East Africas onshore oil promise has now been a few years in the making
The first Ugandan oil discoveries were made in 2006, while in 2010-12 discoveries were also made in Kenya. Optimism was naturally very high with oil around US$100/barrel. However even today, IOCs seem keen to move forward – at least in theory.
The main obstacle for FIDs (Final Investment Decision) and development progress is export lines from what, in effect, for now, remain stranded assets. The difficulty in agreeing an export line has several layers. In Uganda, for a long time, there was disagreement between IOCs and the government, with the former preferring export of all the crude to a sea coast and the latter advocating that all or most of the crude would supply an integrated refining project, supplying refined products for the wider East and Central African region.

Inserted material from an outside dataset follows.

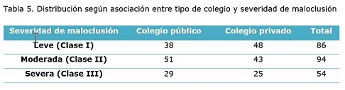 Al agrupar los tipos de maloclusión en función de su severidad, se evidenció que los escolares del colegio público presentaron un mayor porcentaje de maloclusiones moderadas a severas (Clase II y III), mientras que, en el colegio privado, las maloclusiones leves (Clase I) fueron las más prevalentes. Esta diferencia sugiere una posible relación entre el tipo de institución educativa y el acceso a tratamiento preventivo (Tabla 5).

Ugandan hopes for a large export refinery have since abated, as realism about the limits of regional demand and costly logistics have set in. Plans have been gradually revised down to a possible small 30,000 bpd refinery, which would leave most crude available for export. Patient reluctance from IOCs to commit to developing the oilfields in western Uganda as long as the government pushed for an integrated refinery deal, clearly helped to bring realism into the government’s calculations on this point. IOCs were adamant that the economics of a regional export refinery, given the underdeveloped logistics and the weak regional market, were unattractive.
Finding an export route
Yet, finding an export route for the crude has proved tricky. The waxy Ugandan crude raises the technical requirements on the pipeline from the simplest technical options, which will be reflected in the project’s cost.

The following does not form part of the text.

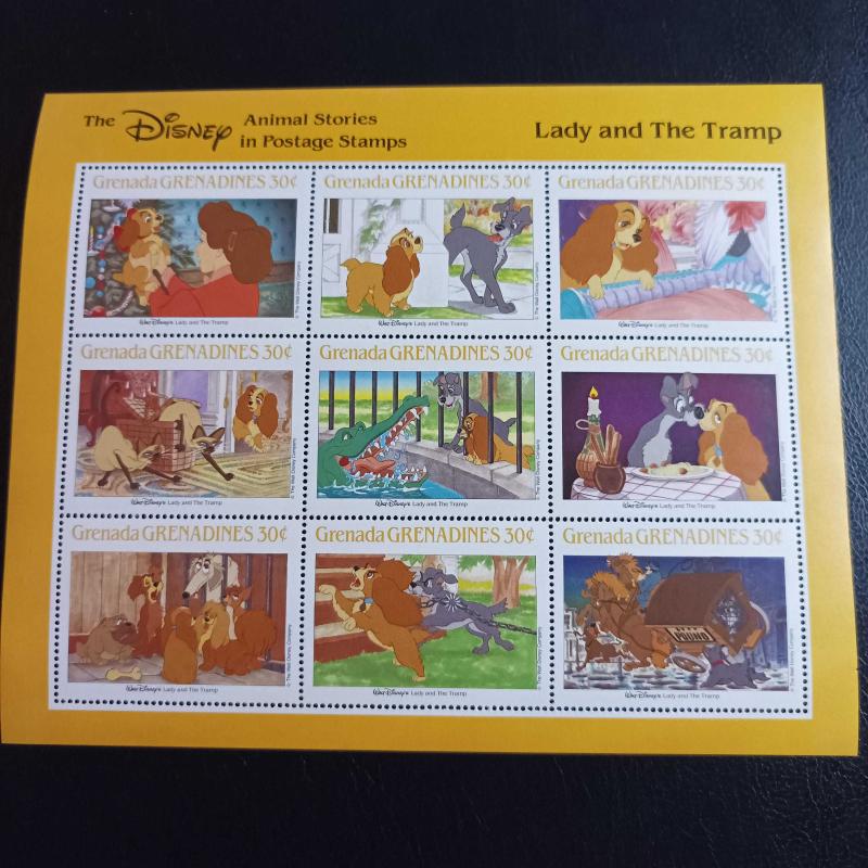 Grenada Grenadines tarafından çıkarılan, Disney'in "Lady and The Tramp" (Leydi ile Sokak Köpeği) filminin sahnelerini içeren 9'lu hatıra bloğu MNH
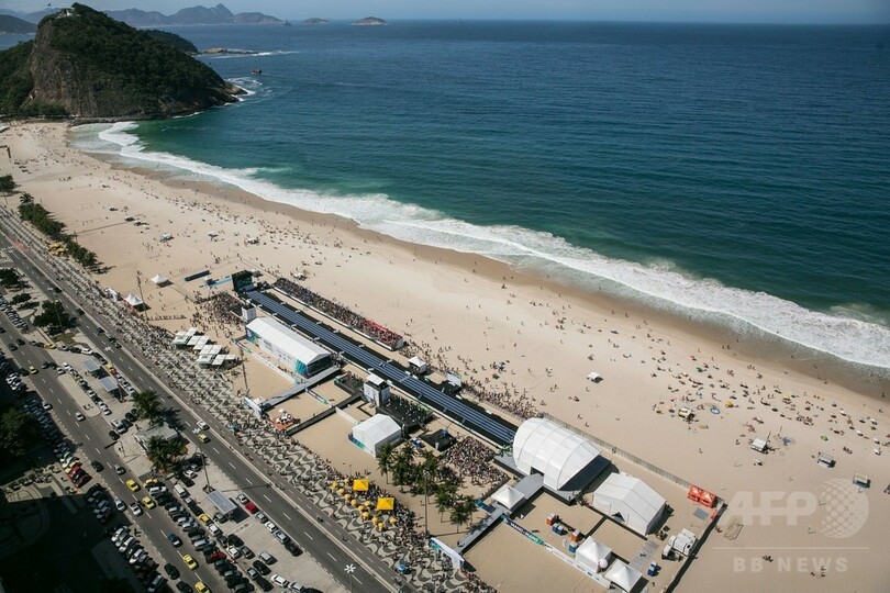 【8月18日 AFP】陸上・短距離の五輪メダリストで、世界記録保持者のウサイン・ボルト(Usain Bolt、ジャマイカ)が17日、夏季五輪開催を2年後に控えるブラジル・リオデジャネイロ(Rio De Janeiro)のコパカバーナ・ビーチ(Copacabana Beach)で、今年初めて100メートルのレースに出場した。

Agreeing on a route through Kenya and on Kenyan transit fees has also proved difficult. Political security has become an issue too. After having been regarded as one of Africa’s most stable economies for decades, the political situation in Kenya has changed for the worse over the past 10 years. Militant infiltration from Somalia is one issue, which in the past few years has coe to pose a significant security risk to one of the proposed pipeline routes – the one to Kenya’s northern port of Lamu.
Fundamentally worse is the political instability and internal violence which erupted in 2007-2008 following the contested presidential elections. Effects from that conflict continue to simmer and investors have not been entirely confident something similar could not happen again. Another reason for why the export pipeline project has not got off the ground is that Kenya is unclear whether to combine the Ugandan export project with its own need for a link to northwestern Kenya.

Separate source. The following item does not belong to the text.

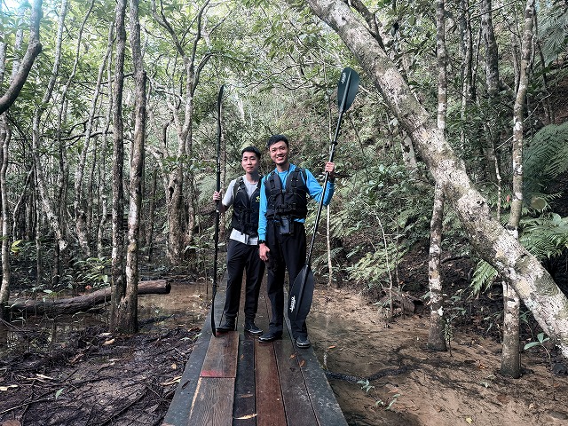 今日も気持ちよいピナイサ-ラの滝でした♪ Posted 2025年12月30日 こんにちは♪ ゲスト2名様とピナイサーラの滝へ行ってきました~♪ シンガポール在中のお二人は日本が好きでよく遊びに来られてるそうです☆ 朝から快晴が広がって気分も爽快でした~♪ マングローブの干潟にあっがて生物たちを観測♪ 大きな貝やカニたちの生活が垣間見れましたね♪ 午後は滝つぼへ♪ 水量もありかっこいい滝が見れましたね~♪ 瑞々しい植物もとても綺麗でした♪ 今日一日頑張って歩いていただきました♪また是非西表島へ遊びに来てくださいね♪♪

Initially, Uganda and Kenya had a preference for the Ugandan crude to move through a pipeline passing Nairobi and reaching the sea at the port of Mombasa, while Kenyan crude would run in a northern corridor to Lamu, which, from northwestern Kenya, could be extended to South Sudan - and in the case of discoveries – also to southern Ethiopia.
The latter project was launched as the LAPSSET (Lamu Port - South Sudan - Ethiopia Transport Corridor) scheme. However, Kenya only has so far proven-up 0.6mn barrels of reserves, including other volumes in order to make the project feasible from the onset.